Instead, Devedjian took the presidency of the Hauts-de-Seine General Council on 1 June, becoming head of the richest département in France. He was also named Deputy Secretary-General of the Union for a Popular Movement (UMP), replacing Brice Hortefeux, then Secretary-General on 25 September, sharing the party leadership with First Vice President Jean-Pierre Raffarin.

=== Return to government ===
From 8 December 2008 to 13 November 2010, Devedjian was appointed Minister under the Prime Minister in charge of the Implementation of the Recovery Plan, a special ministerial post created for two years after the 2008 financial crisis and the announcement of a recovery package by President Sarkozy on 4 December. He left the UMP leadership to Xavier Bertrand on 8 December.

===Political career===

Governmental functions

Minister of Economic Recovery Plan: 2008–2010.

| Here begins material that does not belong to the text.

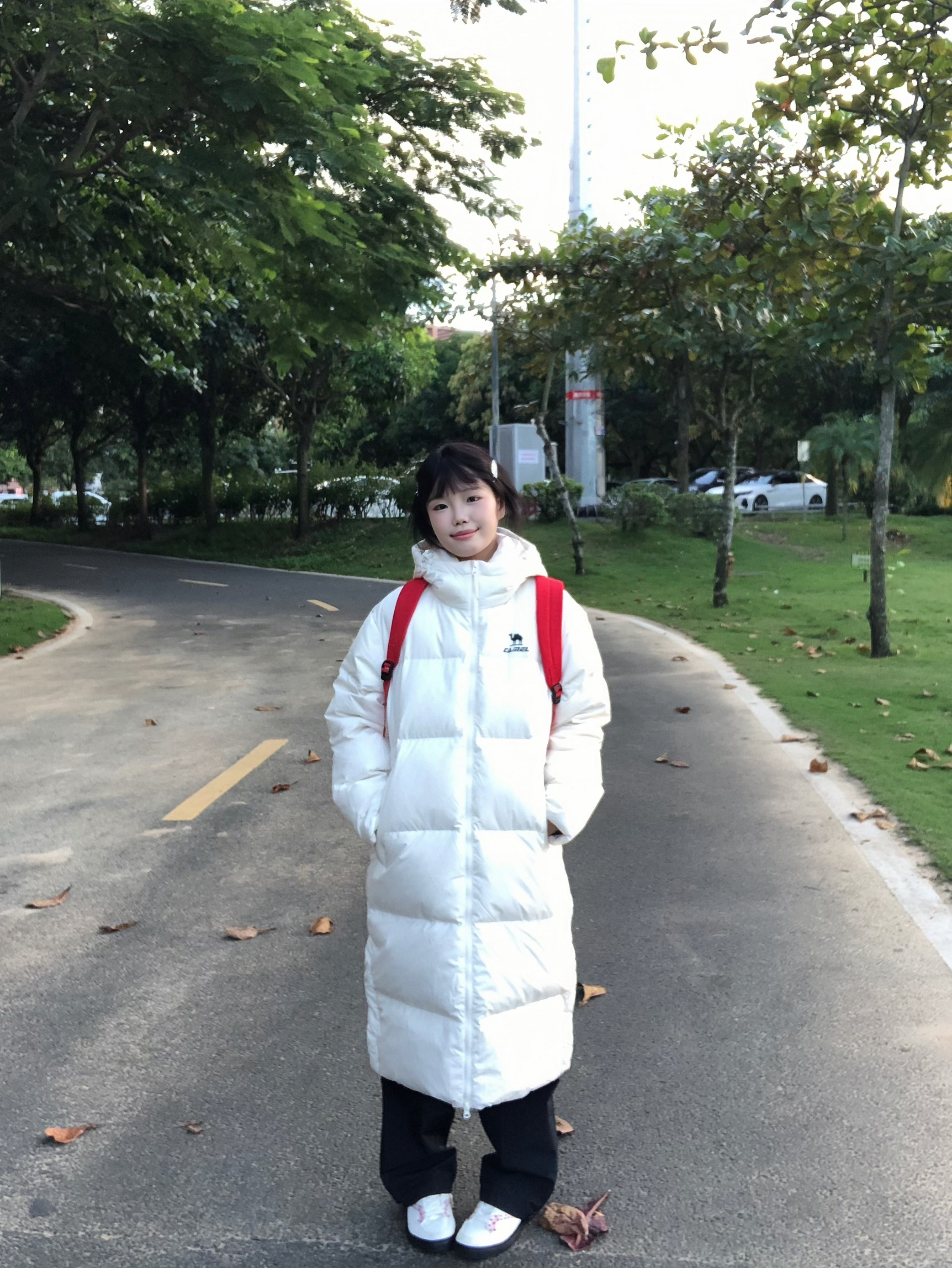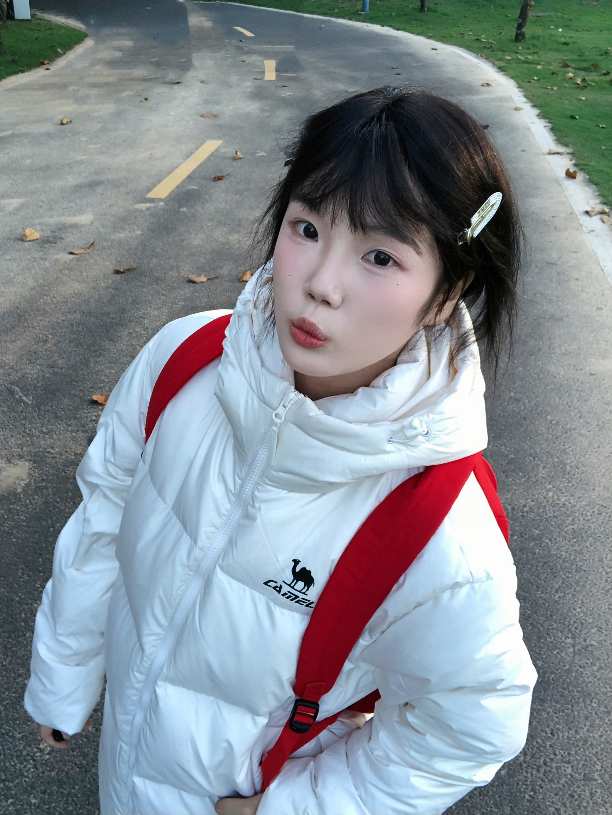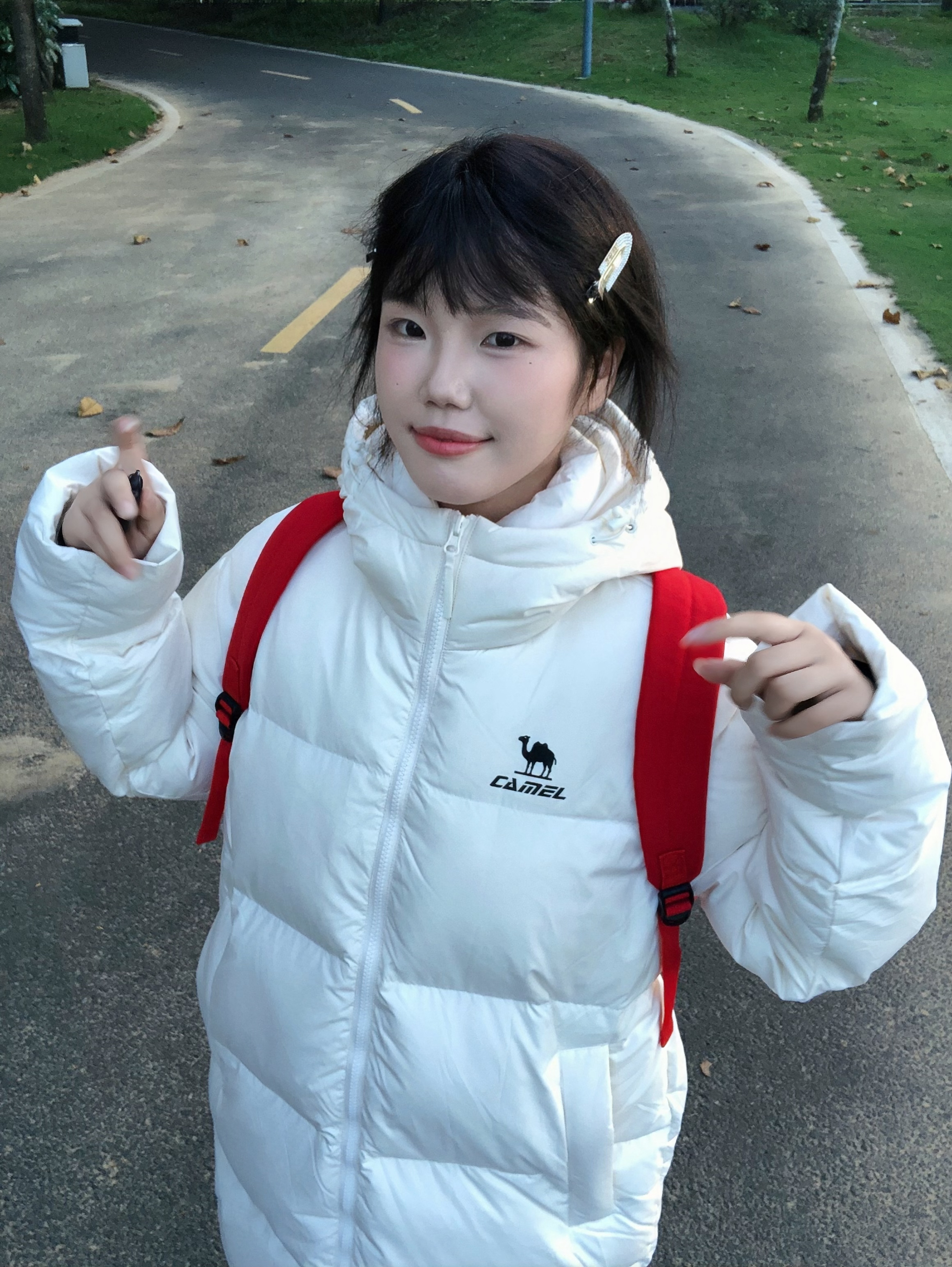 这件白色长款羽绒太可了 上身超级暖和 白色特别衬肤色 感觉雪景也非常出片 163/100M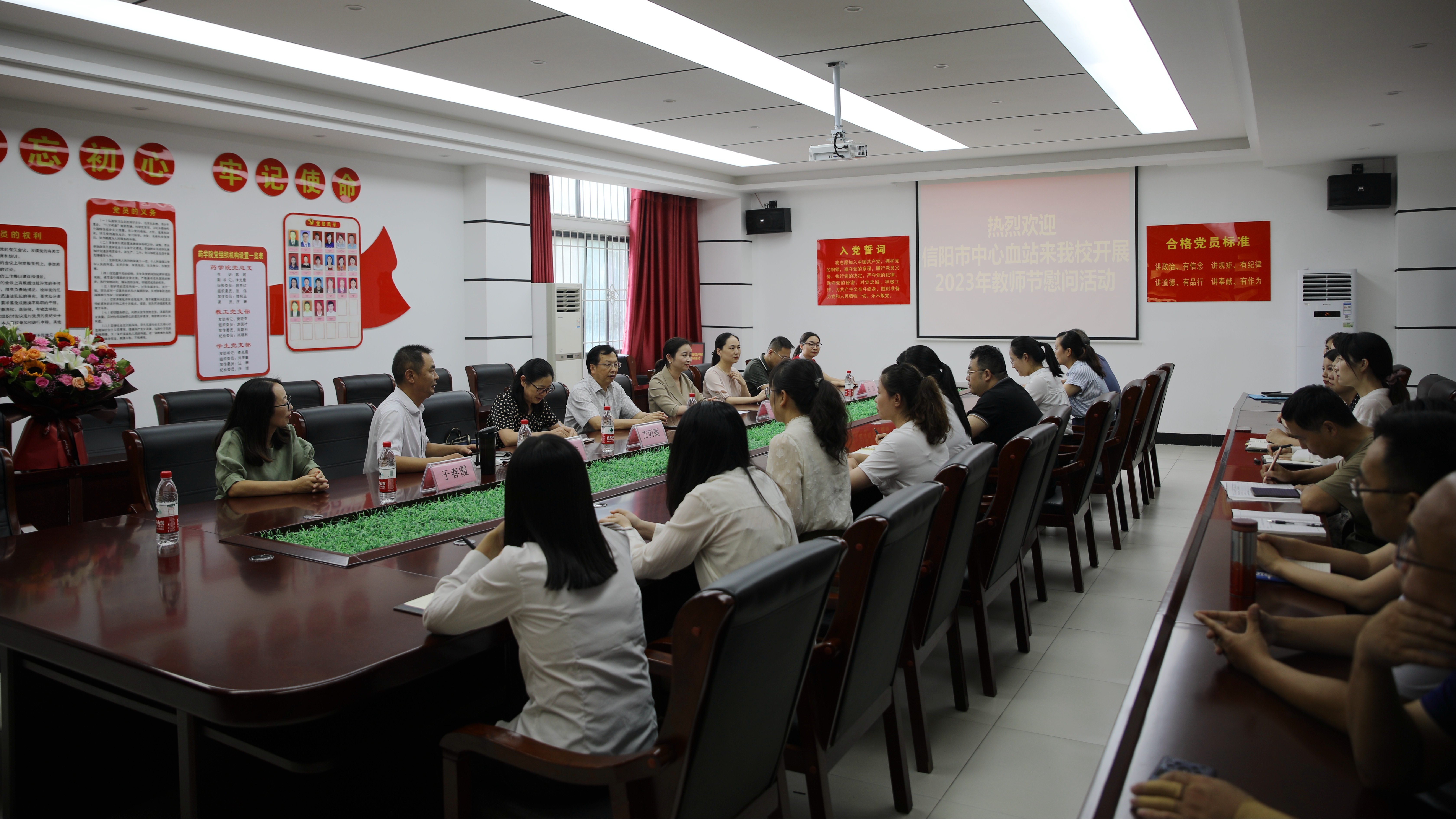 金风送爽,硕果满枝,在第39个教师节来临之际,9月5日,信阳市中心血站站长孙文艳、副站长李丽一行到公司药学院、基础医学部走访慰问一线教师,座谈共话站校合作。公司党委副书记、副董事长王操志、人事处处长方丙丽出席座谈会,相关院部负责同志和教师代表参加座谈会。座谈会由药学院经理吴长忠主持。

Minister of Industry: 2004–2005

Minister of Local Liberties: 2002–2004

Electoral mandates

National Assembly of France

Member of the National Assembly of France for Hauts-de-Seine (13th constituency): 1986–2002 (Became minister in 2002) / 2005–2008 (Became minister in 2008) / 2010–2017. Elected in 1986, reelected in 1988, 1993, 1997, 2002, 2005 (by-election), 2007 and 2012.

General Council

President of the Hauts-de-Seine General Council: 2007–2020 (Replacement after the resignation of Nicolas Sarkozy, who became president of the French Republic)

Vice-president of Hauts-de-Seine General Council: 2004–2007.

Hauts-de-Seine general councillor: 2004–2020.

Municipal Council

Mayor of Antony, Hauts-de-Seine: 1983–2002 (Resignation). Elected in 1983, reelected in 1989, 1995, 2001.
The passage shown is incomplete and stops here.